Connie makes a good point about system definition. Georgia Power down here in Savannah has had similar issues where their billing system was programmed to use the wrong peak identification methodology. Schedule PL customers were getting charged based on Southern Company regional peaks instead of local Georgia Power system peaks. The timing difference was significant - sometimes 2-3 hours apart - creating massive billing errors for large industrial customers.
Sarah, definitely push for the raw system load data from APS. Duke Energy here in Charlotte initially claimed they couldn't provide system peak data due to "confidentiality" but eventually released it after we escalated through regulatory channels. The data showed their billing system was using estimated peaks instead of actual real-time system data. Once we proved the discrepancy, Duke corrected the methodology and issued significant refunds to affected customers.
Update: APS provided their system load data and confirmed they're using CAISO regional transmission peaks instead of local APS distribution system peaks for coincident demand billing. This appears to contradict their Schedule E-32 tariff language which specifies "APS system peak demand." I've drafted a formal billing dispute citing the tariff language and requesting recalculation using actual APS local system peaks. The potential refund could be substantial given the timing differences we've identified.
Excellent work Sarah! This is exactly the kind of detailed tariff analysis that saves clients serious money. Black Hills Energy up here had a similar tariff interpretation issue where "system peak" was being applied incorrectly. The regulatory commission ultimately ruled in favor of the customer interpretation and required the utility to use local system data instead of regional transmission data. Document everything and be prepared to escalate to the Arizona Corporation Commission if APS won't voluntarily correct their methodology.
This case highlights why interval data analysis is so critical for large demand customers. The difference between regional transmission peaks and local distribution peaks can be enormous - both in timing and financial impact. Dominion Energy had to revise their coincident demand methodology for several large industrial customers after we proved their billing system was using the wrong peak identification criteria. Keep us posted on how APS responds to your dispute.

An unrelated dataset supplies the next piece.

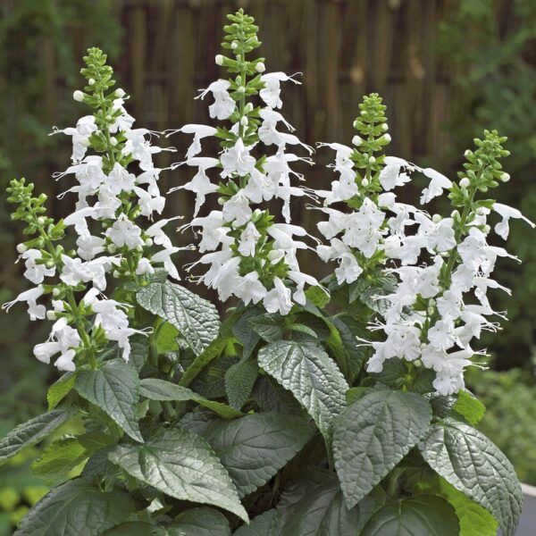 Tidlig, lav blomstersalvie i det reneste hvitt. Blomstrer rikt hele sommeren. Utmerket plante for pollinerende sommerfugler og bier. Kompakt, forgrenet vekst til potter, blomsterbed og samplantinger.

Sarah, this is an outstanding example of how detailed interval data analysis can uncover major billing errors. The $847,000 annual impact makes this worth fighting all the way to the commission if necessary. Here in Memphis, we've seen similar cases where utilities misinterpret their own tariff language around coincident demand calculations. The key is proving that their billing methodology doesn't match the tariff requirements. APS should voluntarily correct this once they realize the tariff compliance issue, but be prepared for a long fight if they dig in their heels.